**Input material:**
··········
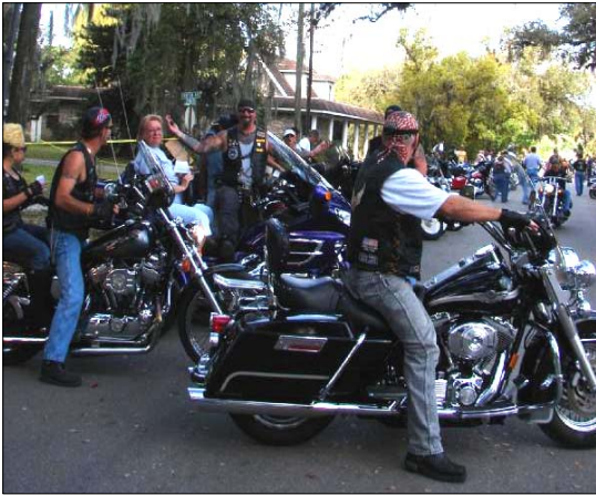
Bikers meet at the Swamp Cabbage Festival

Area car and motorcycle clubs would attract interest from local enthusiasts by holding shows in Downtown LaBelle.
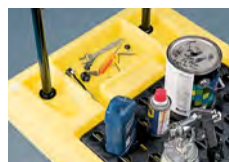
Built-in tool tray keeps tools and other small objects clean and handy.
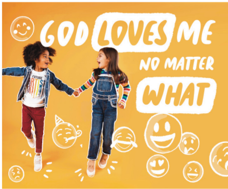
SEPTEMBER | WHEN WE READ ABOUT PEOPLE IN THE BIBLE IT REMINDS US THAT GOD LOVES US
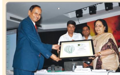
'Green Rating Award 2012'
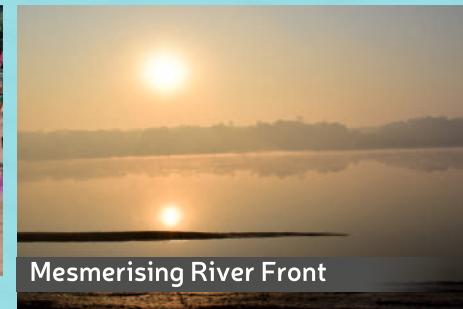
Mesmerising River Front
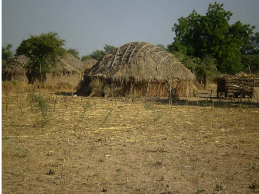
Une maison typique d'Arabe Choa à Kolofata.
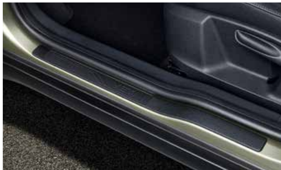
Black door sill covers Protection for your Yeti; door sill covers with stylish Yeti sign, protect surfaces of sills and simultaneously individualize the look of your car (5L0 071 303A)
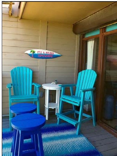
balcony Balcony runs the width of the condo.
··········
**What to do:** Retype, word for word, only the lines from the line with "Built-in tool tray" to the final line of the listing above; the pictures do not belong in the copy.

**Answer space:**
Built-in tool tray keeps tools and other small objects clean and handy.
SEPTEMBER | WHEN WE READ ABOUT PEOPLE IN THE BIBLE IT REMINDS US THAT GOD LOVES US
'Green Rating Award 2012'
Mesmerising River Front
Une maison typique d'Arabe Choa à Kolofata.
Black door sill covers Protection for your Yeti; door sill covers with stylish Yeti sign, protect surfaces of sills and simultaneously individualize the look of your car (5L0 071 303A)
balcony Balcony runs the width of the condo.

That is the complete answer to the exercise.